Reproduce nothing but the lines from the start of the material through the line that includes "Aussie racer. A", both ends included, and omit every picture.

[Start of Attachment]

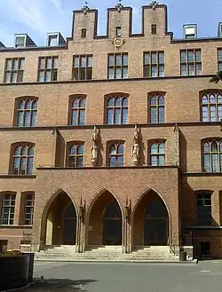 Die direkt an der Straße platzierten weiteren Ergänzungsbauten aus den Jahren 1881–1905 sind viergeschossig und ebenfalls mit Klinkern verblendet. Die Fassaden in historisierenden Formen sind inzwischen großflächig mit wildem Wein bewachsen.
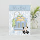 Convites de chá de bebê menino azul e damasco adoráveis. Este convite de chá de bebê menino com urso panda e pegada de bebê azul é facilmente personalizado para o seu evento, adicionando detalhes do evento, estilo de fonte, tamanho e cor da fonte e texto. Por favor, note que todos os adesivos, cartões e desenhos de convite que você encontrará no Zazzle são gráficos impressos sem joias, laços, relevos, rebaixados ou peças adicionais.
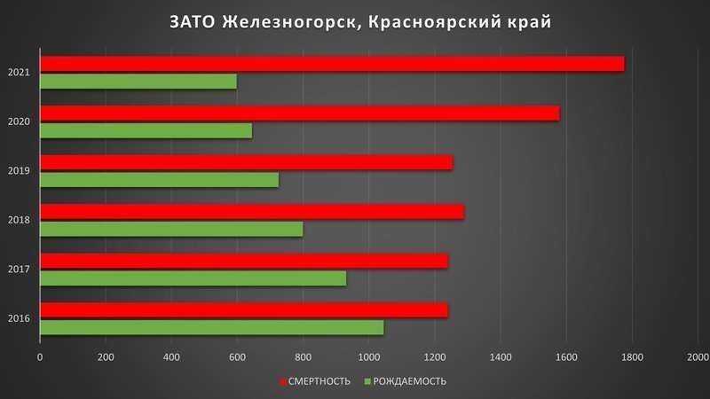 Куда же движется Россия, и куда тащит её нынешний управленческий корпус? Ответ даёт незатейливая картинка, касающаяся ключевых жизненных показателей за последние несколько лет относительно благополучного провинциального городского образования РФ - ЗАТО Железногорск (Красноярск-26). Аббревиатура ЗАТО означает "закрытое административно-территориальное образование". Проще говоря, речь идёт о городе, окружённом забором из колючей проволоки, жизнь в котором регулируется специальным режимом.
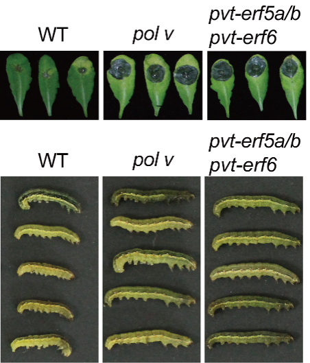图三:敲除ERF5和ERF6邻近的Pol V转录本导致植物对灰霉和甜菜夜蛾的抗性下降
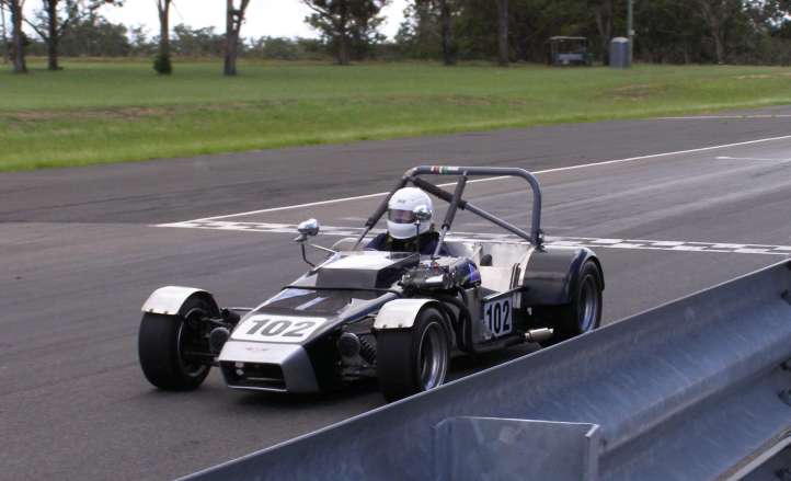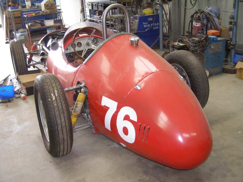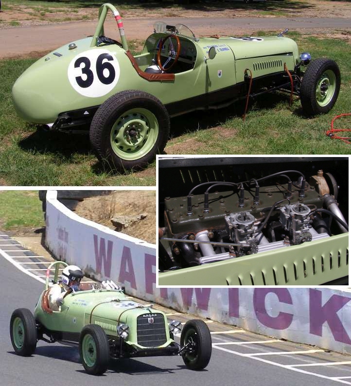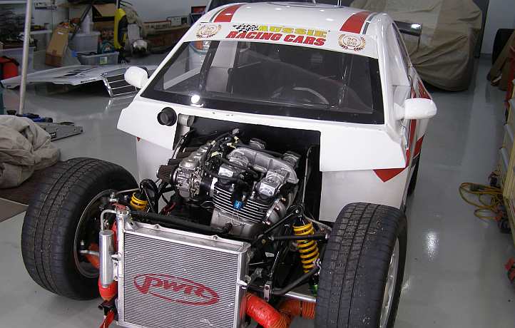 Aussie racer. A large water-cooled motorcycle power unit nestles in the front of the car, drive is to the rear wheels.
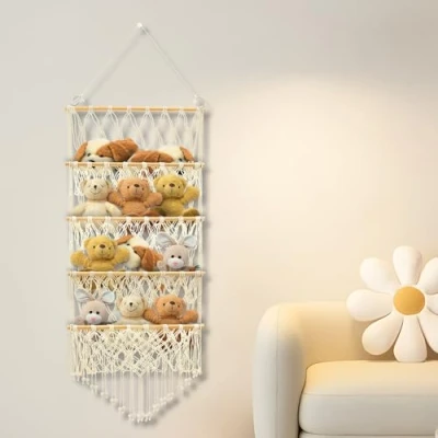 [Material ] The mesh plush toy storage is made of quality cotton rope and wood, hand-woven, delicate and soft, eco-friendly, safe and durable. [Space saving ]The Stuffed animal storage helps keep your child's stuffed animal collection neatly organized and out of the way, freeing up valuable floor space in your home. Great hanging toy organizer for kids playroom bedroom. [Help You Find] Due to the elastic rope design, it will not block your sight, and you can find what you want quickly. [Wide Use] The plush toy storage net is great for storing small stuffed animals, books, magazines, balls, small toys, small items, etc. [Beautiful] The stuffed toy storage hammock is designed with tassels, wooden beads and braided patterns, sturdy and beautiful, you can use it as a display wall to store your kid's toys, make the room neat and unique

[End of Attachment]

RESPONSE TO THE EXERCISE ▸
 Die direkt an der Straße platzierten weiteren Ergänzungsbauten aus den Jahren 1881–1905 sind viergeschossig und ebenfalls mit Klinkern verblendet. Die Fassaden in historisierenden Formen sind inzwischen großflächig mit wildem Wein bewachsen.
 Convites de chá de bebê menino azul e damasco adoráveis. Este convite de chá de bebê menino com urso panda e pegada de bebê azul é facilmente personalizado para o seu evento, adicionando detalhes do evento, estilo de fonte, tamanho e cor da fonte e texto. Por favor, note que todos os adesivos, cartões e desenhos de convite que você encontrará no Zazzle são gráficos impressos sem joias, laços, relevos, rebaixados ou peças adicionais.
 Куда же движется Россия, и куда тащит её нынешний управленческий корпус? Ответ даёт незатейливая картинка, касающаяся ключевых жизненных показателей за последние несколько лет относительно благополучного провинциального городского образования РФ - ЗАТО Железногорск (Красноярск-26). Аббревиатура ЗАТО означает "закрытое административно-территориальное образование". Проще говоря, речь идёт о городе, окружённом забором из колючей проволоки, жизнь в котором регулируется специальным режимом.
图三:敲除ERF5和ERF6邻近的Pol V转录本导致植物对灰霉和甜菜夜蛾的抗性下降
 Aussie racer. A large water-cooled motorcycle power unit nestles in the front of the car, drive is to the rear wheels.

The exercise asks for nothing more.